Unlike Clinton, who got a cool response, Obama drew applause.
Clinton and McCain, the Illinois senator said, will "promise you anything, give you a long list of proposals and even come around with TV crews in town to throw back a shot and a beer." Clinton did that in Pennsylvania on Saturday.
Clinton had her own comments to defend: In job-starved western Pennsylvania, she conceded that her husband sometimes fumbled on the North American Free Trade Agreement, which he championed as president in 1993.
"As smart as my husband is, he does make mistakes," the New York senator said. She said she'd tell Canada and Mexico the agreement needed to be altered to address factors leading to U.S. job losses or the United States could pull out of it.
McCain took on Obama, too, though somewhat more gently.

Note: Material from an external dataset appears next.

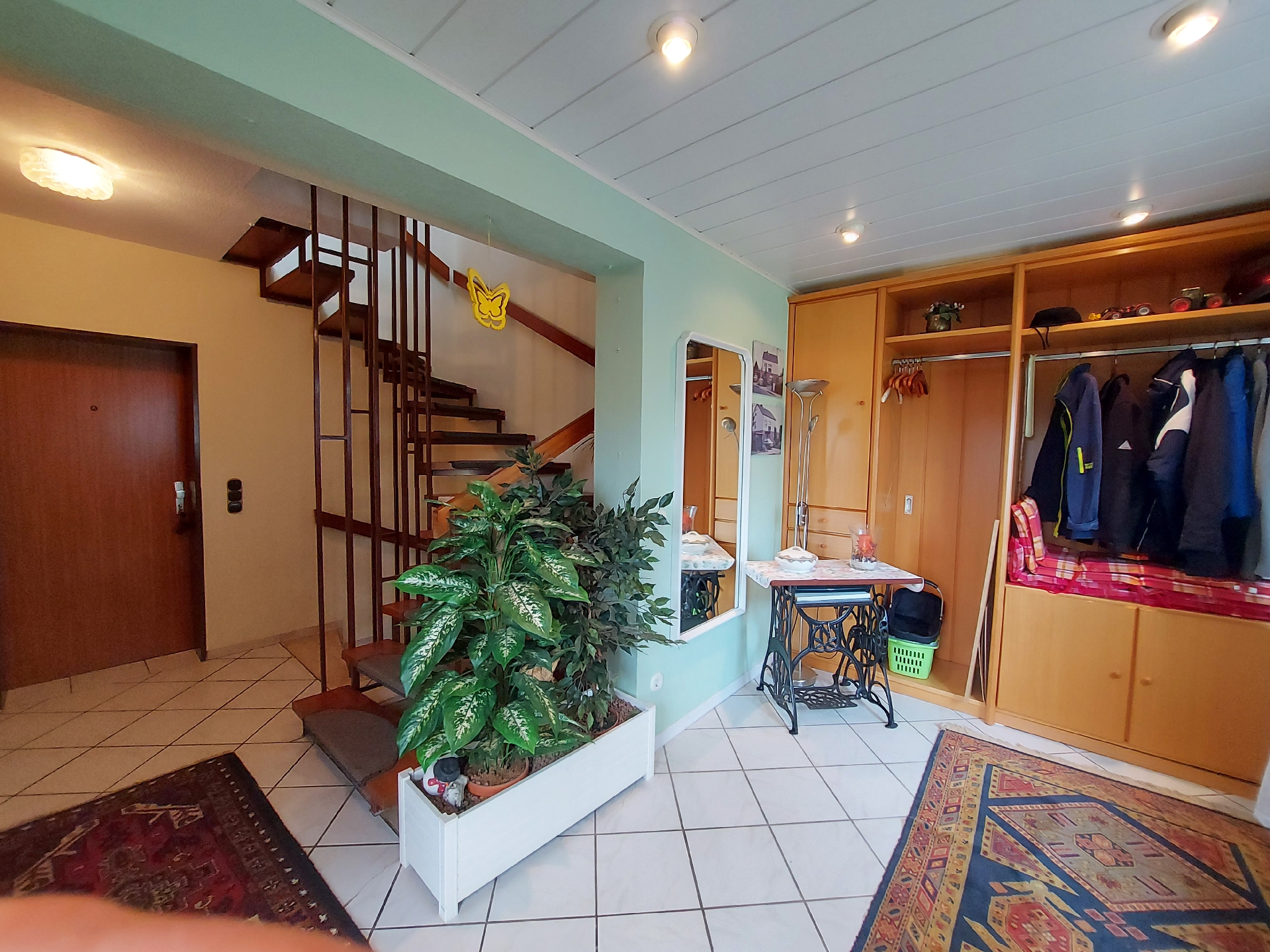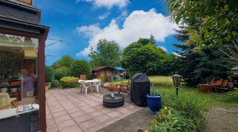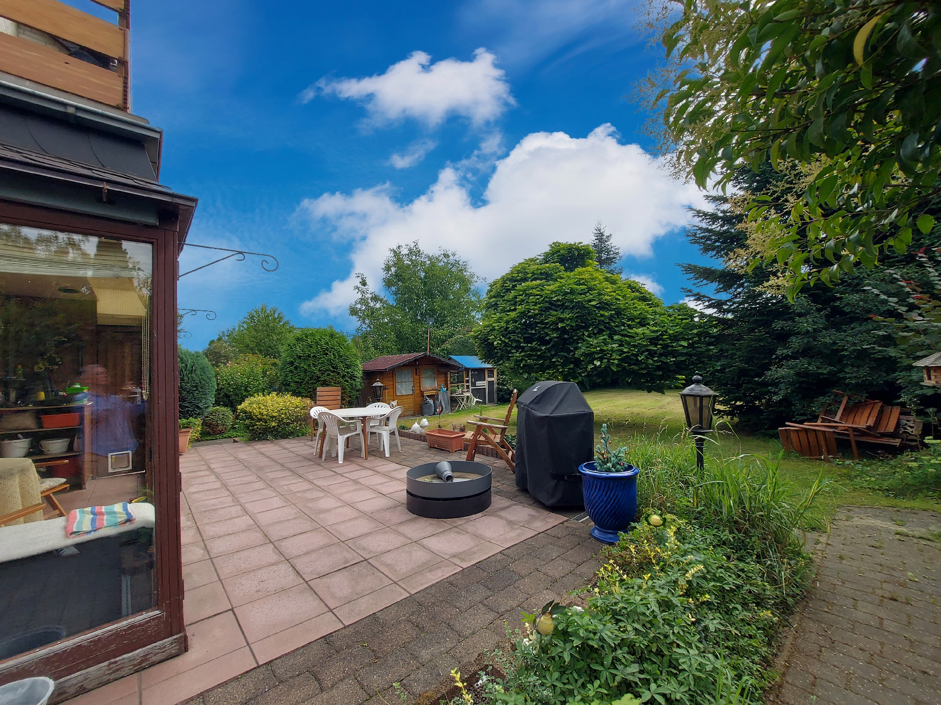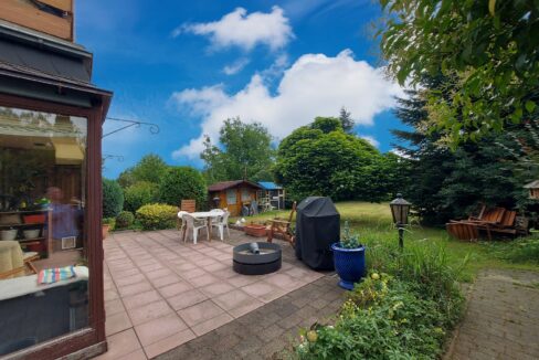 Der große Garten bietet zahlreiche Gestaltungsmöglichkeiten ob für Spiel und Freizeit, Gemüseanbau oder entspannte Stunden im Grünen. Die Terrasse lädt zum Verweilen ein, während der praktische Windfang für zusätzlichen Komfort und Wetterschutz sorgt.
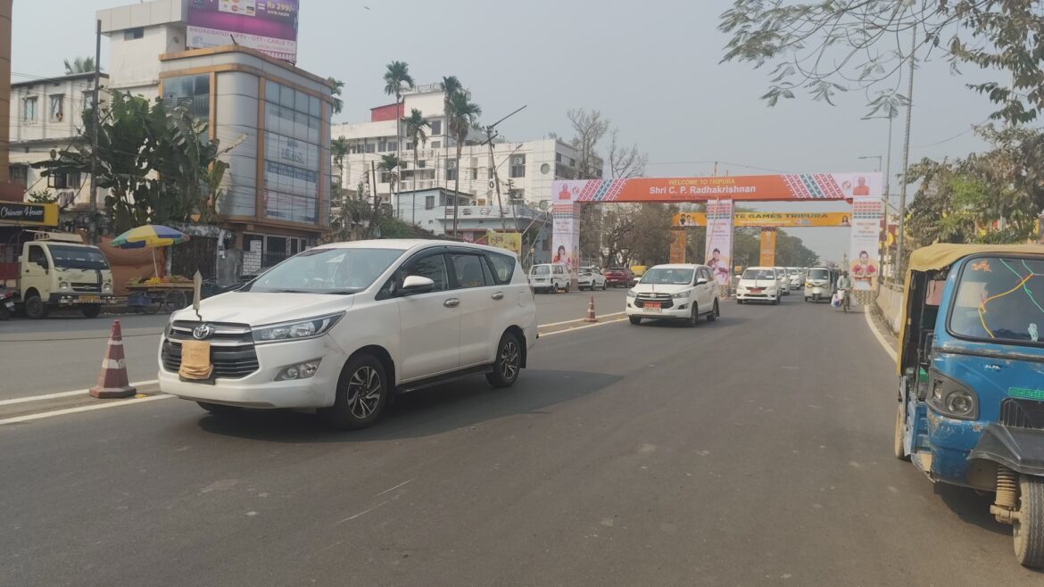 আগরতলা : দেশের উপরাষ্ট্রপতির রাজ্য সফরকে কেন্দ্র করে প্রস্তুতি চূড়ান্ত। শনিবার দুই দিনের রাজ্য সফরে আসছেন দেশের উপরাষ্ট্রপতি। রাজ্য সফরকালে ত্রিপুরা বিশ্ব বিদ্যালয়, হাপানিয়াস্থিত আন্তর্জাতিক মেলা প্রাঙ্গণে পৃথক দুইটি অনুষ্ঠানে অংশগ্রহণ করবেন। এছাড়াও তিনি উদয়পুরের মাতা ত্রিপুরা সুন্দরী মন্দিরে গিয়ে মায়ের পূজা দেবেন। উপরাষ্ট্রপতির রাজ্য সফরকে কেন্দ্র করে ইতি মধ্যে চূড়ান্ত প্রস্তুতি সেরে নেওয়া হয়েছে। জোরদার করা হয়েছে নিরাপত্তা ব্যবস্থা। উপরাষ্ট্রপতি এমবিবি বিমান বন্দর থেকে যে সড়ক দিয়ে ত্রিপুরা বিশ্ববিদ্যালয় যাবেন, সেই সড়কে এইদিন কনভয়ের মহড়া দেওয়া হয়। সংবাদ প্রতিনিধিদের কেমেরায় এই চিত্র ফুটে উঠে। উপরাষ্ট্রপতির রাজ্য সফরে যেন কোন ধরনের সমস্যা না হয় তার জন্য সতর্ক প্রশাসন। তাই শুক্রবার কনভয় দিয়ে চূড়ান্ত মহড়া দেওয়া হয়।

The Arizona senator called Obama's remarks "elitist," but refused to say whether he thought that Obama himself was elitist, saying he didn't know him well.
However, Rick Davis, McCain's campaign manager, blasted an e-mail memo saying that Obama's remarks "expose the out-of-touch beliefs to which John McCain offers stark contrast," and said that McCain understood patriotic small-town Americans.
Whether the flap is moving any voters in Pennsylvania from Obama to Clinton is uncertain.
Robin Miller, the manager of a sandwich shop, said Monday she was sticking with Obama. She described how her mother was laid off from her job just before Christmas and called herself "a little bitter."
"I didn't hear all of what [Obama] said, and the media twists a lot of things around," she said.